Spec Kitty

└─ kitty-specs
   └─ Autonomous Multi-Agent Orchestrator

Mission Run:

📚 Docs ↗

Feature Specification: Autonomous Multi-Agent Orchestrator

Feature Branch: 020-autonomous-multi-agent-orchestrator Created: 2026-01-18 Status: Draft Input: Build orchestrator for autonomous feature execution with parallel WP processing and 9 CLI-capable agents

Overview

The Autonomous Multi-Agent Orchestrator enables spec-kitty to execute complete features without human intervention. Given a feature with defined work packages and dependencies, the orchestrator assigns WPs to AI agents, executes them in parallel where dependencies allow, uses different agents for implementation vs. review, and handles failures gracefully.

Research Foundation: This feature builds on the findings from feature 019 (Autonomous Multi-Agent Orchestration Research), which validated that 9 of 12 AI coding agents have CLI capabilities suitable for autonomous orchestration.

User Scenarios & Testing (mandatory)

User Story 1 - Autonomous Feature Execution (Priority: P1)

A developer has completed planning for a feature (spec, plan, tasks all defined with WP dependencies). They want to execute the entire feature autonomously while they focus on other work.

Why this priority: This is the core value proposition - freeing developers from manual WP-by-WP execution.

Independent Test: Can be tested by running orchestrator on a prepared feature with 3+ WPs and verifying all WPs complete with commits.

Acceptance Scenarios:

1. Given a feature with 5 WPs where WP01-WP03 are independent and WP04-WP05 depend on earlier WPs, When the user runs the orchestrate command, Then WP01-WP03 execute in parallel, WP04 starts when its dependencies complete, and WP05 starts when its dependencies complete.

2. Given a feature with all WPs in "planned" lane, When orchestration completes successfully, Then all WPs are in "done" lane with commits in their worktrees.

3. Given an orchestration in progress, When the user checks status, Then they see which WPs are running, which are complete, and which are pending.

User Story 2 - Cross-Agent Review (Priority: P1)

A developer wants implementation and review done by different AI agents to catch blind spots that a single agent might miss.

Why this priority: Different agents using different models provide genuine code review value, not just self-review.

Independent Test: Can be tested by configuring two agents and verifying the review agent is different from the implementation agent for each WP.

Acceptance Scenarios:

1. Given user configures Claude Code for implementation and GitHub Codex for review, When a WP is implemented by Claude Code, Then the review is performed by GitHub Codex.

2. Given user has only one agent configured, When orchestration runs, Then the same agent performs both implementation and review (single-agent mode) with a configurable delay between phases.

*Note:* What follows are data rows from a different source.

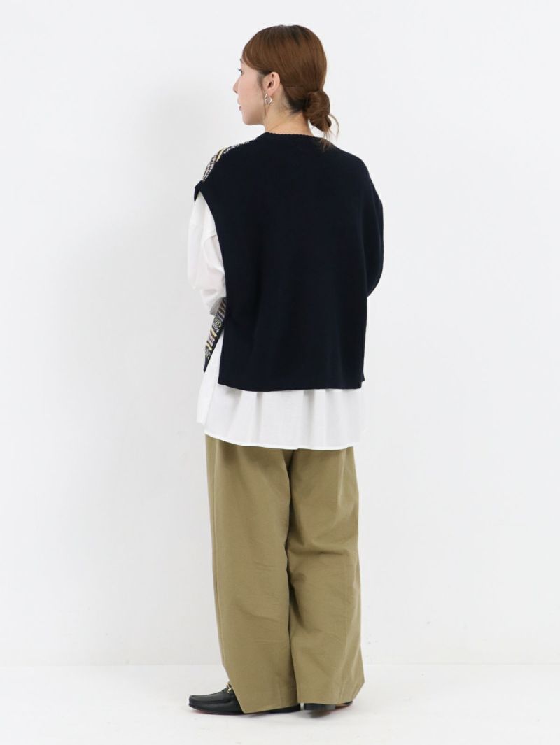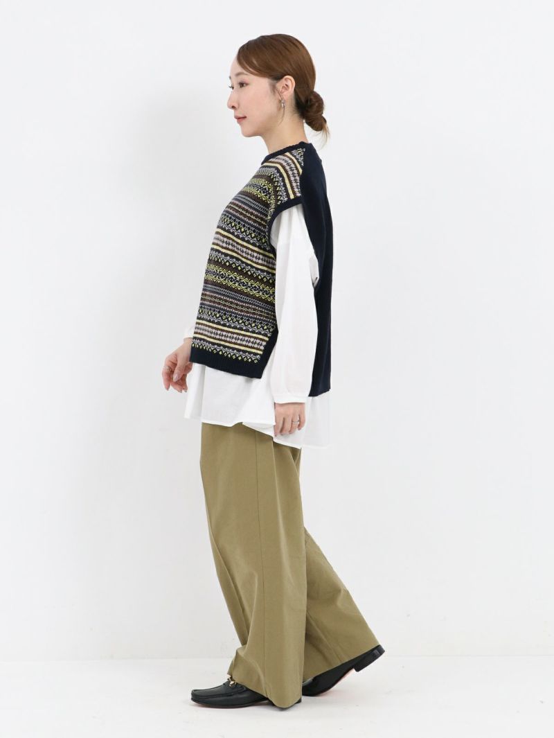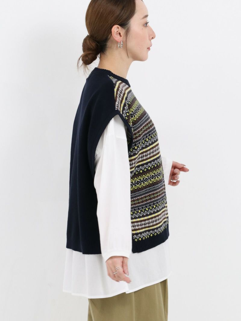 やわらかな風合いのコットン糸を使用したベスト。 前身頃は明るい配色がポイントのジャガード柄、後身頃は畦編みと前後で編地の違う1枚です。インナー次第で秋口から冬まで長く着用出来ます。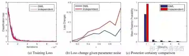 为了验证该猜想,我们对两种策略训练好的网络参数添加高斯噪声,并在图(b)中比较了添加不同方差高斯噪声后网络损失函数值的变化。从图中可以看出,单独训练的网络在添加噪声后损失函数值波动很大,而互学习训练网络的损失函数值则增加很小。该实验现象表明深度互学习算法帮助网络找到了一个更平缓的极小点,针对噪声具有更强的鲁棒性,从而具有更好的泛化性能。
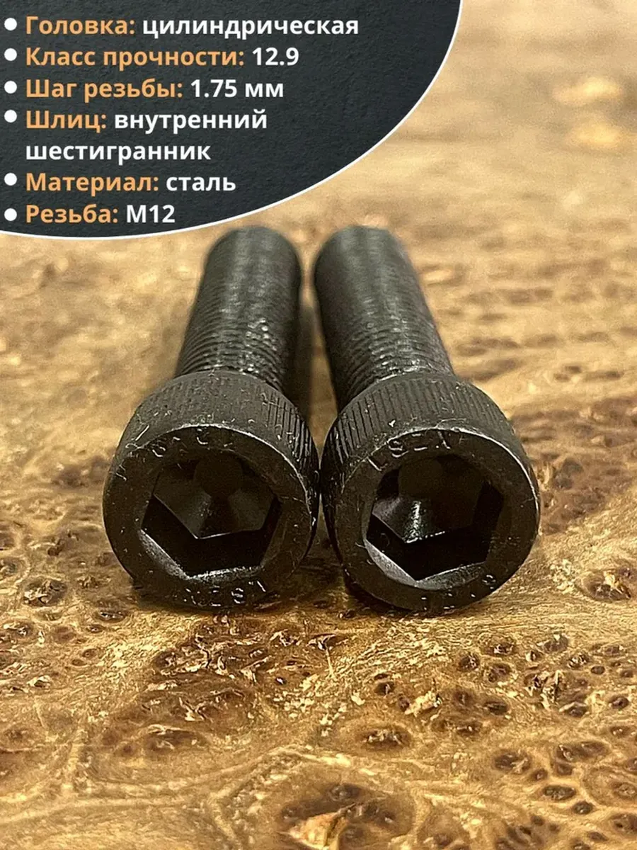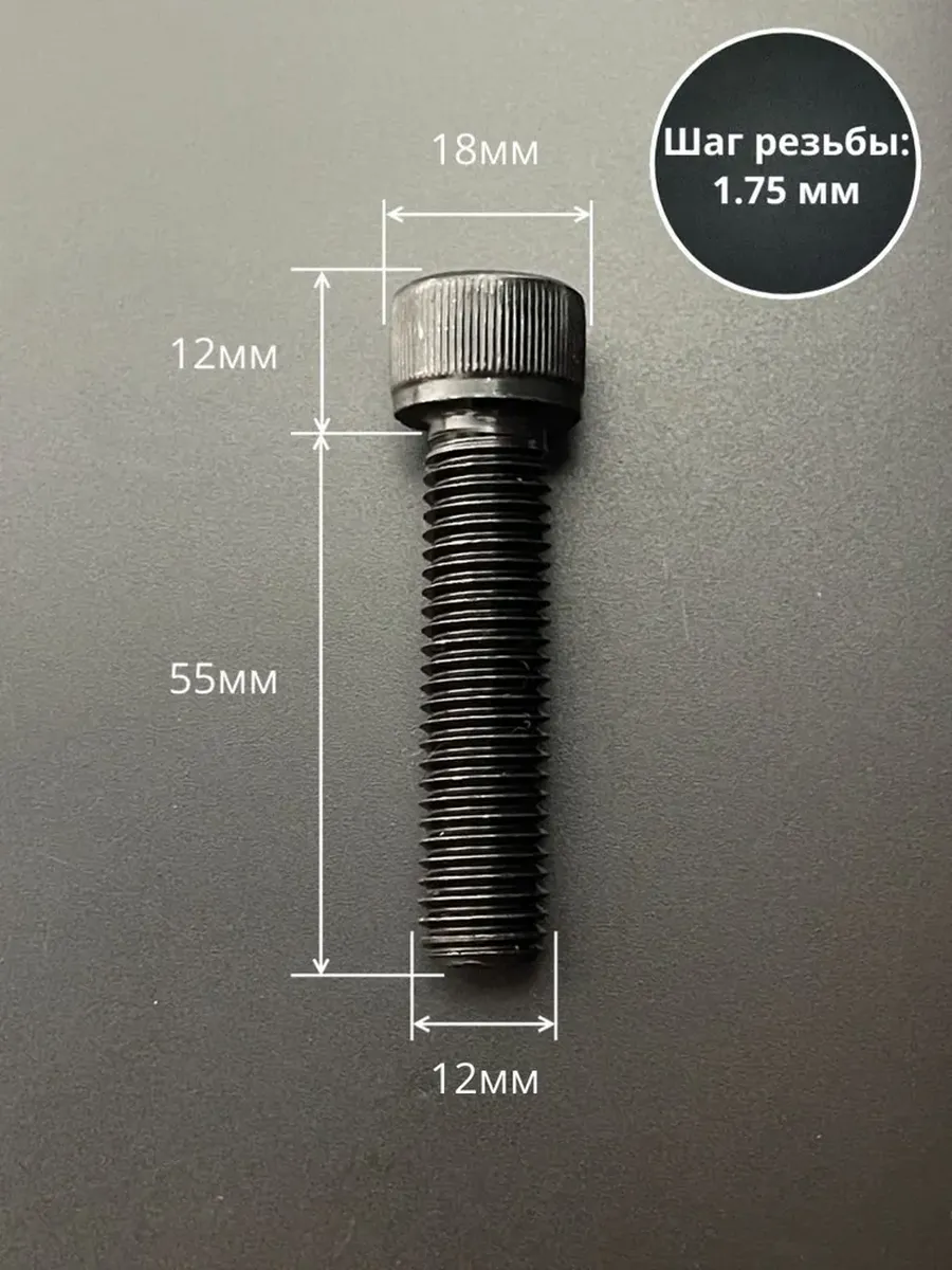 Винт высокопрочный ПР М12х55 мм к.п.12.9 черный DIN912, 2 шт.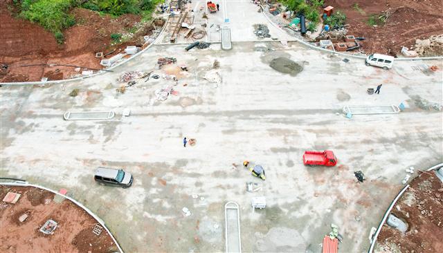日前,在软件产业大道项目二标段施工现场,工人正在对边沟和路沿等附属设施进行施工,工程车来回运输材料抓紧道路建设。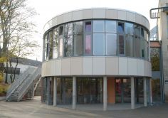 Mit drei unterschiedlichen Ansichtsseiten fügt er sich auf dem großen Grundstück harmonisch ein in das vielgestaltige Ensemble aus alter Kita (1998) , Grundschule mit teilweise denkmalgeschützten Gebäuden (1873), Schulerweiterung (1959) und Turnhalle.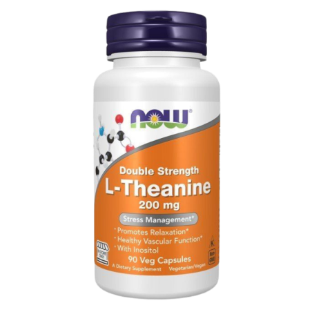 NOW L-Theanine 200mg - 90vcaps. Stres Lepszy Sen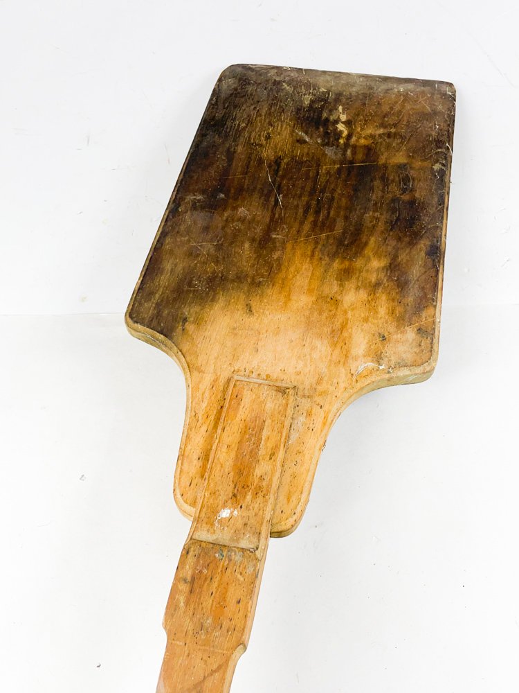 Se encuentra una pala para horno de buena calidad, con un mango de madera y una superficie plana. El mango es de color marrón y la superficie es de tono beige. La herramienta parece estar en buen estado, con detalles como el diseño antiguo y materiales naturales.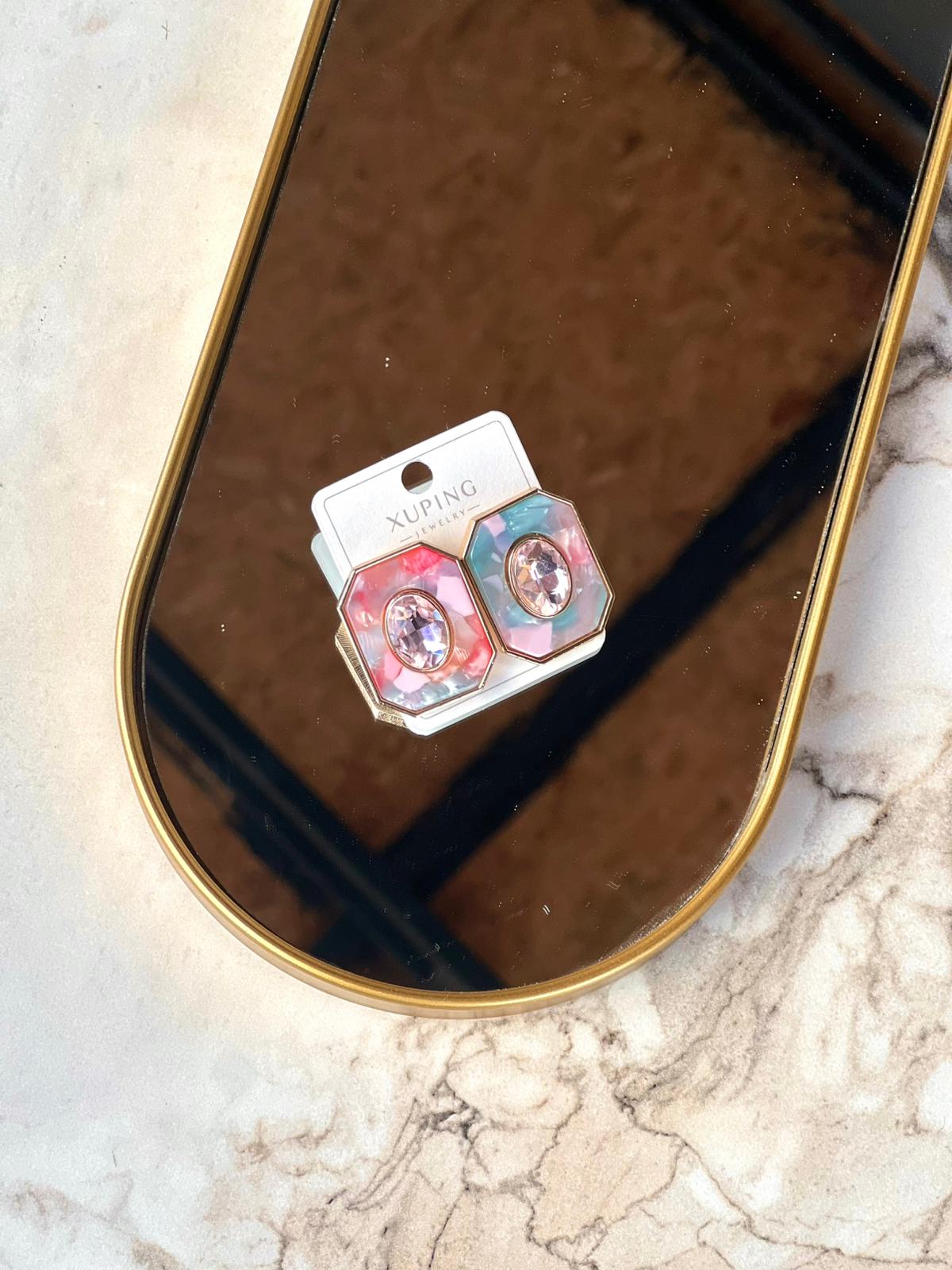 Renkli ve enerjik tarzı sevenler için özel olarak tasarlanan pembe ve mavi tonlu geometrik taş küpeler, modern çizgileriyle her kombine genç bir enerji katar. Altın çerçeveyle çevrili çok renkli tasarımı, ışıltılı merkez taşıyla birleşerek göz alıcı bir görünüm oluşturur.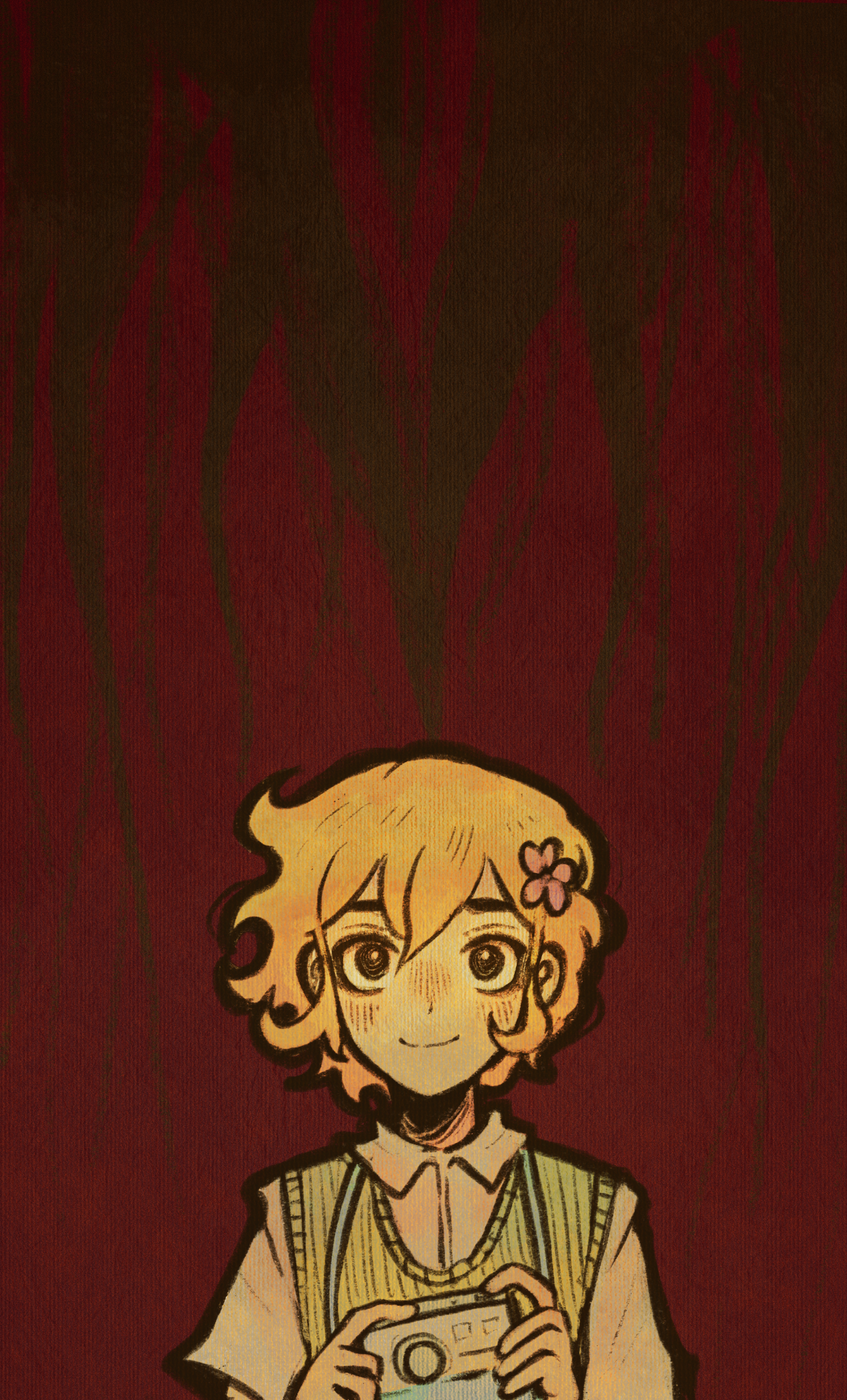 1boyalternate eye colorblack eyesblonde hairblushcameraclosed mouthcollared shirtdouble-parted bangsflowergreen sweater vesthair flowerhair ornamentholdingholding cameralooking at viewermale focusshirtshort hairshort sleevessidelockssmilesolosweater vestupper bodywhite shirt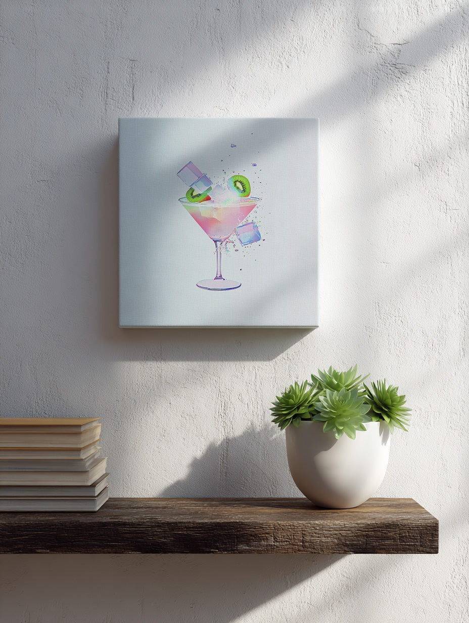 - カクテル、フルーツ、氷、しぶき。 それらすべてが、まるで踊るように宙を舞う。 Glaciaの作品は、「一瞬の動き」をパステルカラーの余白に閉じ込めた、ビジュアルポエムのようだ。 構成はミニマルで洗練されているが、そこに込められた表現は実に繊細かつドラマチック。 リアルな反射と、アニメ塗りのスムースなグラデーションが交差するそのタッチは、まるで「透ける夢」を見るような感覚を観る者に与える。 『Kiwi Margarita』『Blueberry Lassi』『Banana Pina Colada』など、それぞれの作品には味覚ではなく感覚としての“フレーバー”が漂う。 どこかキャラクターの存在を感じさせるような、目に見えない物語が、グラスの外側にぼんやりとにじんでいる。 爽やかで、ポップで、おしゃれ。 それでいて、どこか孤独や静けさすら感じさせるGlaciaの世界。 飲み物という日常的なモチーフに、ここまで透明な詩情を吹き込めるのは、まさに唯一無二のセンスと構成力ゆえだろう。 視覚で味わうファンタジックドリンク。 それが、Glaciaのアートである。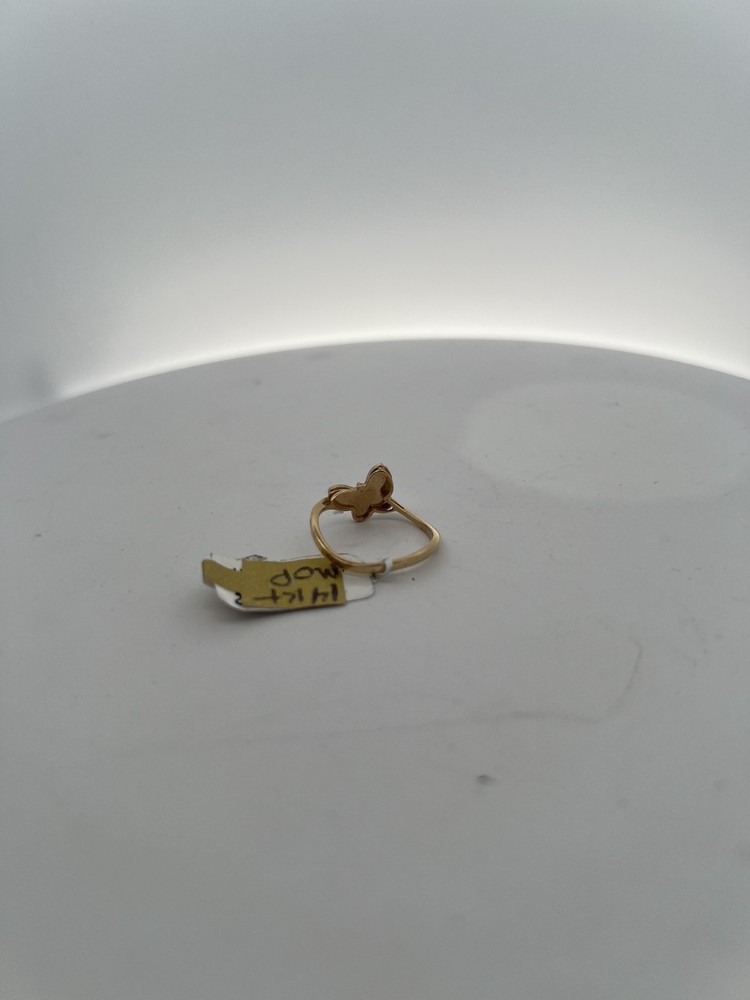 The 14k Gold Butterfly Ring is a beautiful piece of fine jewelry featuring a butterfly shape design with a mother of pearl main stone. The ring is crafted with yellow gold and has a metal purity of 14k, making it a high-quality and luxurious addition to any jewelry collection. With a ring size of 6, this intricate and elegant piece is perfect for those who appreciate unique and eye-catching accessories. WE CANNOT CONTROL SHIPPING DELAYS - ALL SALES FINAL - NO REFUND/RETURNS.
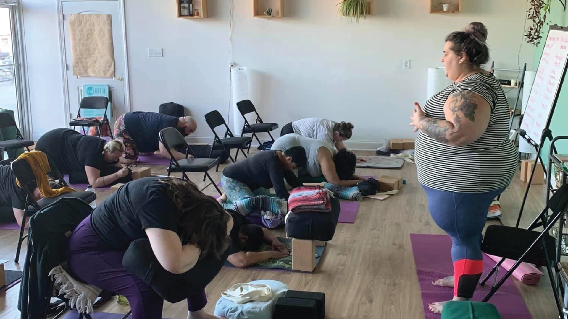 All of this is to say that the acceptance found within online communities is there because marginalized folks have set the tone. Practicing online has always felt safe and nurturing for us because dominant culture’s arbitrary rules don’t apply there. As I’ve mentioned, I didn’t step foot into a brick and mortar yoga studio until I attended Amber’s Body Positive Yoga teacher training. I was terrified, acutely aware of the trauma built up from years of feeling shame about my body from the judgment placed on me, and from the years of literally trying to squeeze my body into spaces not built to support it.
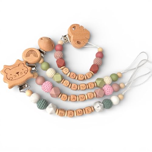 handmadebyemelyh - personalisierte Schnullerkette mit Namen für Junge oder Mädchen mit großer Farbauswahl, indiviudell selbst gestalten, lasergravierte Holzbuchstaben, zur Schwangerschaft & Geburt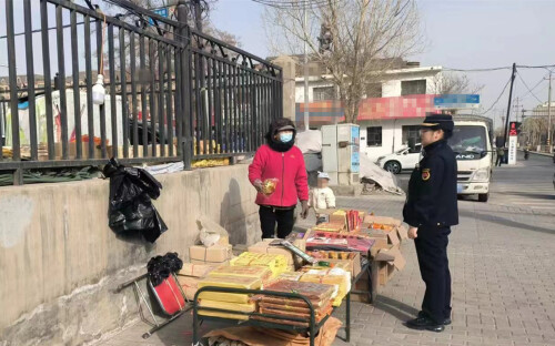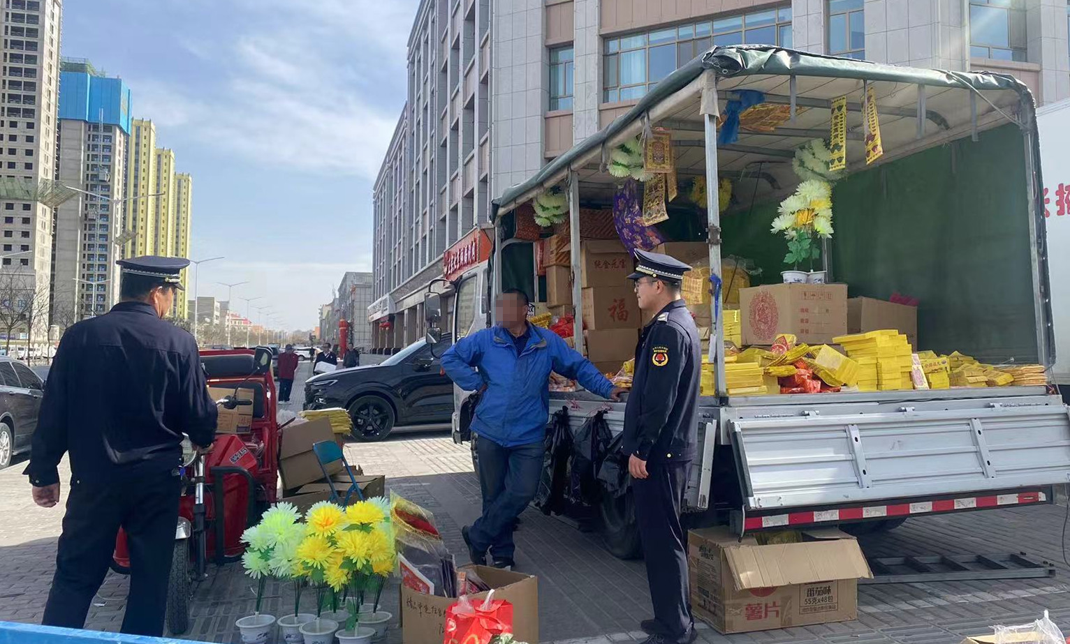 市城市管理执法局长城综合执法支队始终坚持“721”工作法,宣传教育与文明劝导相结合,对辖区重点路段及市场、商超、学校等周边进行管控,严格治理流动商户、店外经营、乱堆乱放等违法行为,对违规占道售卖祭祀用品的行为进行清理规范,对随意焚烧纸钱等不文明祭扫行为进行教育劝导,引导流动摊点经营者在规定区域内经营,对于多次不听劝导违规违法经营的,坚决予以取缔。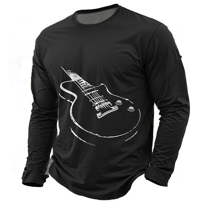 Men's Music Guitar T Shirt Long Sleeve T shirt 3D Print Crew Neck Shirt Fashion Daily Basic Casual Daily Street Blue Black Red Summer Spring Clothing Apparel S M L XL XXL XXXL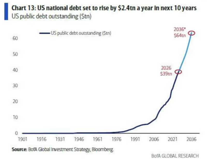 Además, Bank of America prevé que la deuda pública aumente de 40 a 64 billones de dólares en los próximos diez años. Pero es que además la deuda per cápita sigue una tendencia claramente acelerada.

User Story 3 - Failure Recovery (Priority: P2)

An agent fails during execution (rate limit, network error, authentication failure). The orchestrator should handle this gracefully without losing progress.

Why this priority: Real-world reliability requires handling failures without manual intervention.

Independent Test: Can be tested by simulating agent failure and verifying fallback behavior.

Acceptance Scenarios:

1. Given preferred agent fails with rate limit error, When fallback strategy is "next_in_list", Then the next agent in the configured list attempts the task.

2. Given all agents fail for a WP, When max retries exceeded, Then orchestration pauses and alerts the user for manual intervention.

3. Given orchestration is interrupted (Ctrl+C, system restart), When user runs orchestrate with --resume, Then orchestration continues from where it stopped.

User Story 4 - Agent Configuration (Priority: P2)

A developer wants to configure which agents are available, their roles (implementation/review), and priority order.

Why this priority: Users have different subscriptions and preferences; configuration must be flexible.

Independent Test: Can be tested by creating a config file and verifying orchestrator respects the settings.

Acceptance Scenarios:

1. Given user creates agents.yaml with specific agent order, When orchestration runs, Then agents are selected according to configured priority.

2. Given user disables an agent in config, When orchestration runs, Then that agent is never used even if it's installed.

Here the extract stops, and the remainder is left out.